In his book Alphabet Juice, Roy Blount Jr. coins(?) the word sonicky, which refers to words that sound like what they mean. In his words, "I mean the quality of a word that doesn't imitate a sound, but does somehow sensuously evoke the essence of the word." A word like greasy might be an example of sonicky, or, according to him, mumble and muffle.
I would imagine that others might contend that the words came first, the fact that they sound right is because we know their meaning.

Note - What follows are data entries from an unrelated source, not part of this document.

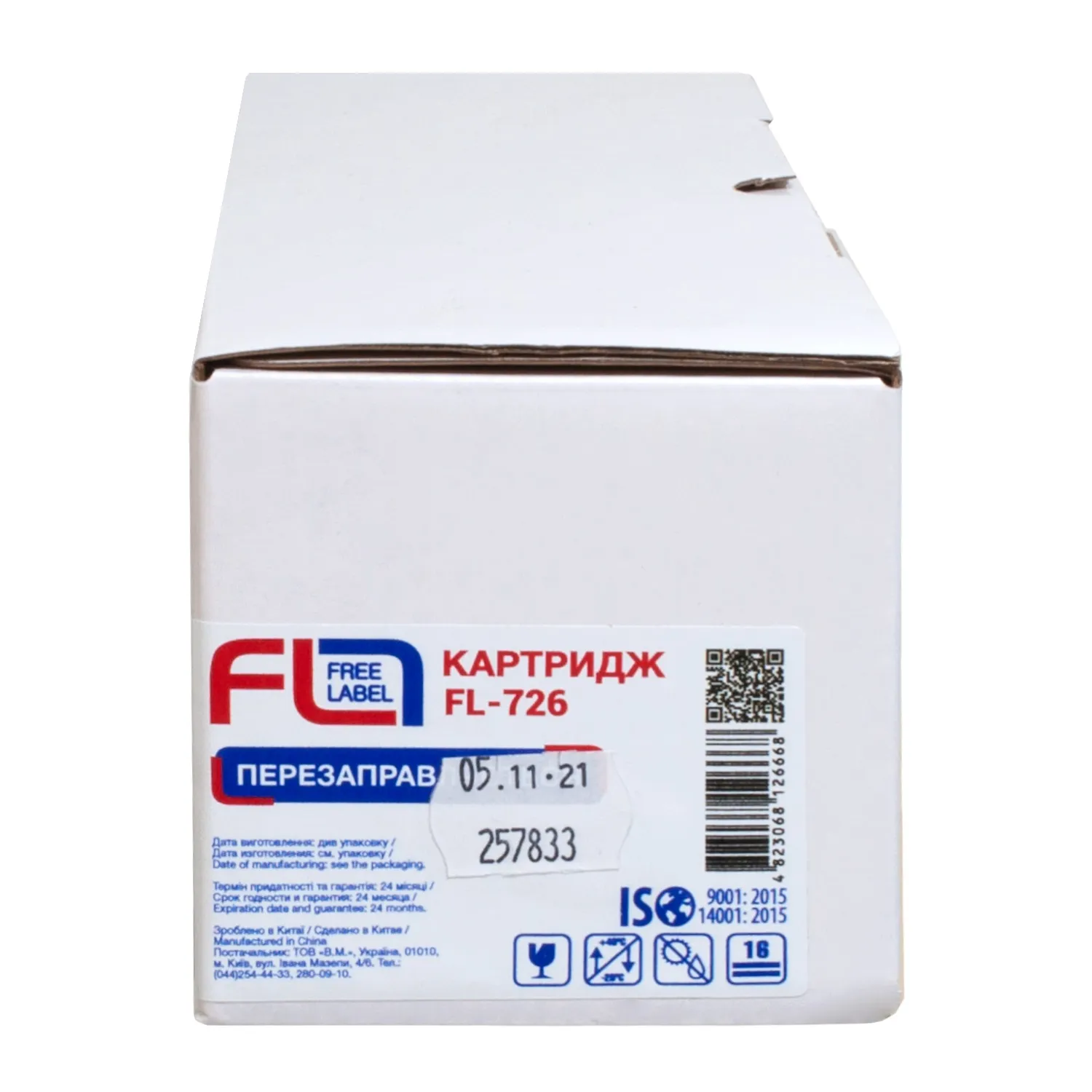 Картридж совместимый Canon 726 Free Label (FL-726) имеет гарантию 1 год исправной работы картриджа и мы произведем замену продукции с заводским дефектом.
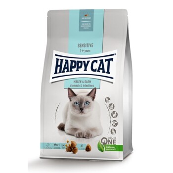 Alleinfuttermittel für ausgewachsene Katzen mit sensibler Verdauung. Weitere Informationen erhalten Sie hier: service@happycat.de
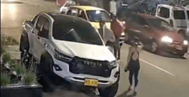En video quedó registrado el momento en el que un hombre agredió y disparó contra un vigilante porque dejó la camioneta Toyota de placas NYL 478 del Villa Del Rosario mal parqueda sobre el andén.
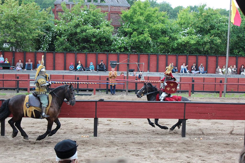 The knight would gallop his horse during the joust and aim his lance at the opponent’s throat or shield. Seemingly, the knights were occasionally separated by a tilt (a wooden barrier) that ran the field’s length to prevent the knights from colliding head-on. Complex rules were devised, with points awarded for the number of hits to specific body parts, such as the visor and shattered lances. Mechanical shields that shattered when struck were developed over time, clearly indicating who hit who first. The winner received a jewel, a gold crown, a falcon or a horse, and in some cases, a lady’s kiss. The most valuable prize was a ransom from the loser, which included a fee, horse, armor and weapons upon his word that he would pay his debt.
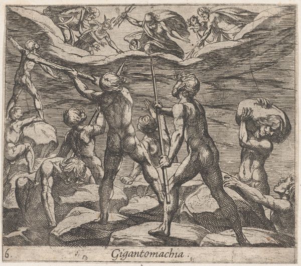 Antonio Tempesta created this engraving called 'Amor schiet zijn pijl naar Pluto' sometime between 1555 and 1630. The composition teems with energy, as the figures of Amor, Pluto, and Proserpina are caught in a dynamic interplay of gazes and gestures, framed by swirling waters and turbulent skies. Tempesta's use of line is particularly striking. The lines are not merely descriptive, but create a sense of movement. The dense hatching and cross-hatching create tonal modulations suggesting depth and volume. The texture of the water is almost palpable, while the billowing clouds seem to writhe with inner life. The scene's semiotic richness lies in its engagement with classical mythology, in which Amor's arrow prompts Pluto’s abduction of Proserpina. The engraving acts as a visual metaphor for the passions that disrupt order. The artwork remains open to interpretation. Its enduring power resides in its ability to fuse formal mastery with the timeless drama of human desire and divine intervention.
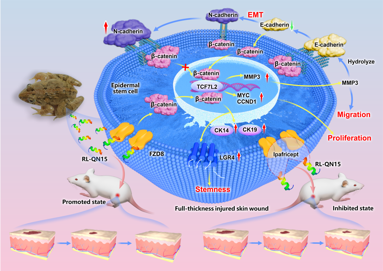 项目组通过该研究发现,活性肽RL-QN15能结合表皮干细胞膜受体FZD8,进而激活Wnt/β-catenin信号通路,调控表皮干细胞功能:促进细胞增殖、迁移、上皮向间充质转化并维持其干性,从而加速皮肤创面修复再生。该研究不仅首次系统阐释了两栖动物活性肽通过调控表皮干细胞促进皮肤再生的机制,更利用活性肽RL-QN15作为“分子探针”,揭示了FZD8在皮肤创面再生修复中的关键治疗靶点的价值,为深入理解皮肤创伤再生机制提供了崭新视角,并为开发基于FZD8靶点的新型促皮肤创面愈合治疗策略奠定了理论基础。
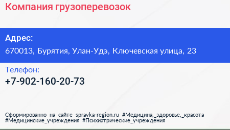 Компания грузоперевозок по адресу 670013, Бурятия, Улан-Удэ, Ключевская улица, 23 в дальнейшем Организация, размещена в следующих категориях:
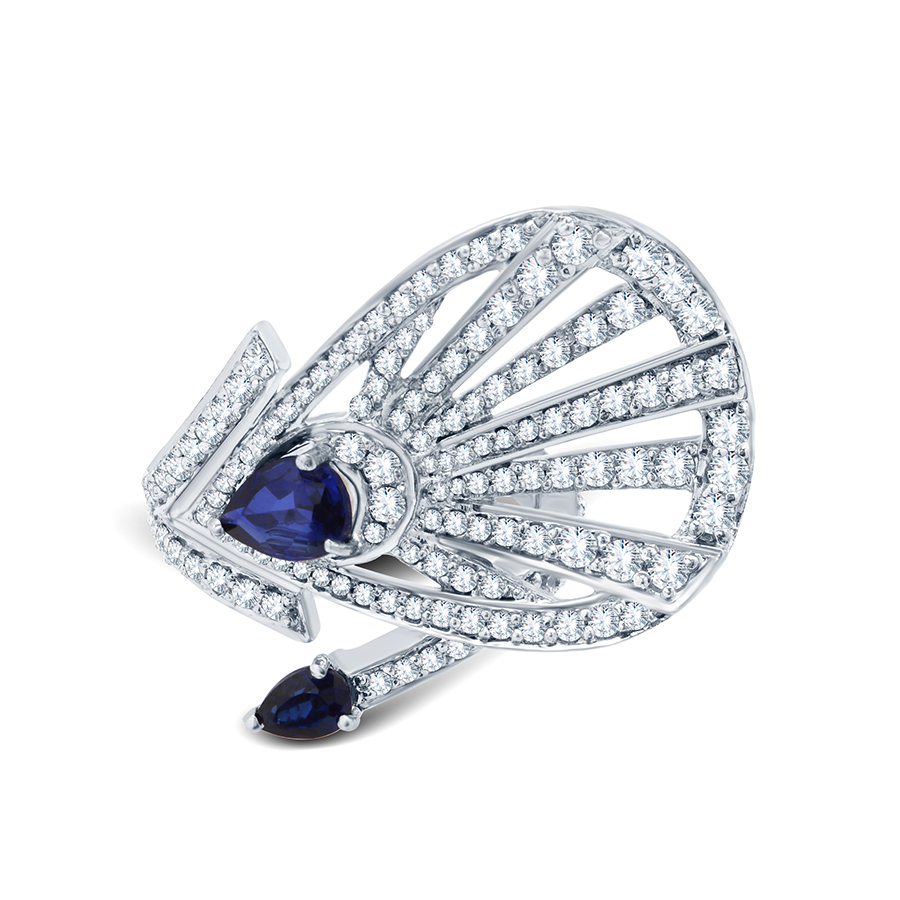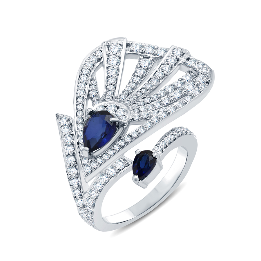 Adawna Silver & Swarovski twin Blue Tear Drop Cocktail Ring (NT-R-013)
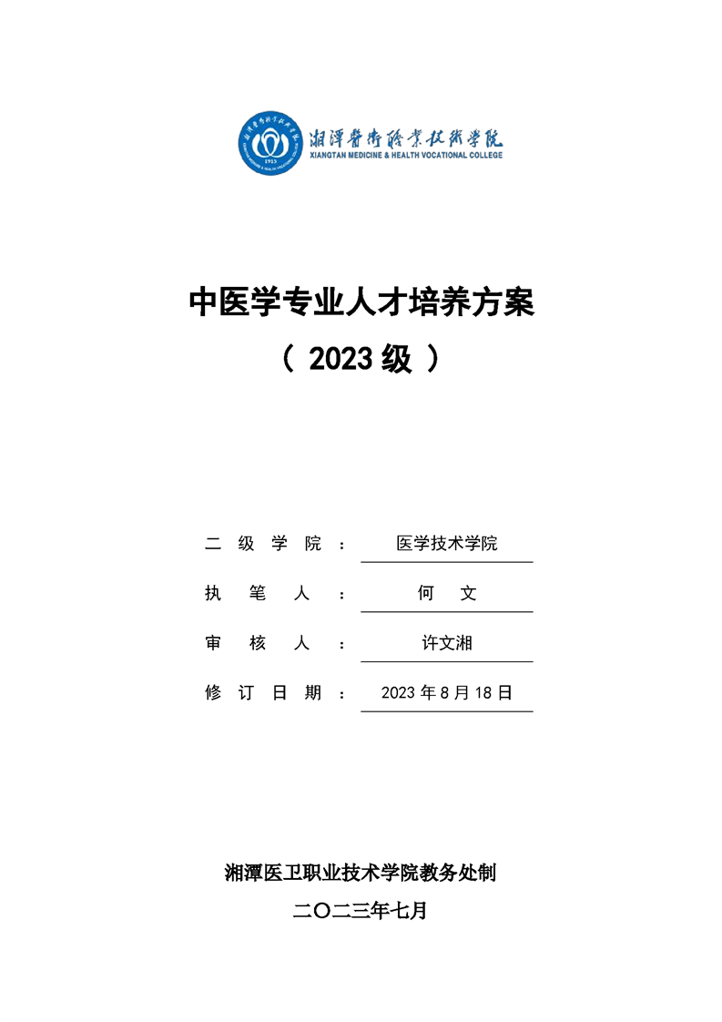 2023级中医学专业人才培养方案

I read somewhere that the reason people with Tourette Syndrome swear isn't so much because they're swearing, but because we naturally enjoy and gravitate toward words with a hard "k" sound. Which I could buy, because boy, do I love words that end in the hard "k" sound. One word in particular.
So I noticed something recently. I was thinking about the word skeptic, and why it has a negative connotation. Maybe I'll do a longer entry on it later. Skepticism, my skepticism, is only about wanting evidence - a skeptic doesn't scoff, a skeptic is simply a person who, if you offer to sell her some new-fangled snake oil, is going to demand some scientific evidence that it's effective. To me that's not any kind of scorn, we just don't like to be scammed by sketchy scum.
Other "sk" words - scold, scald, sketchy, scat, skids, skid row, skimp, tsk. And those are only words that start with the sk sound.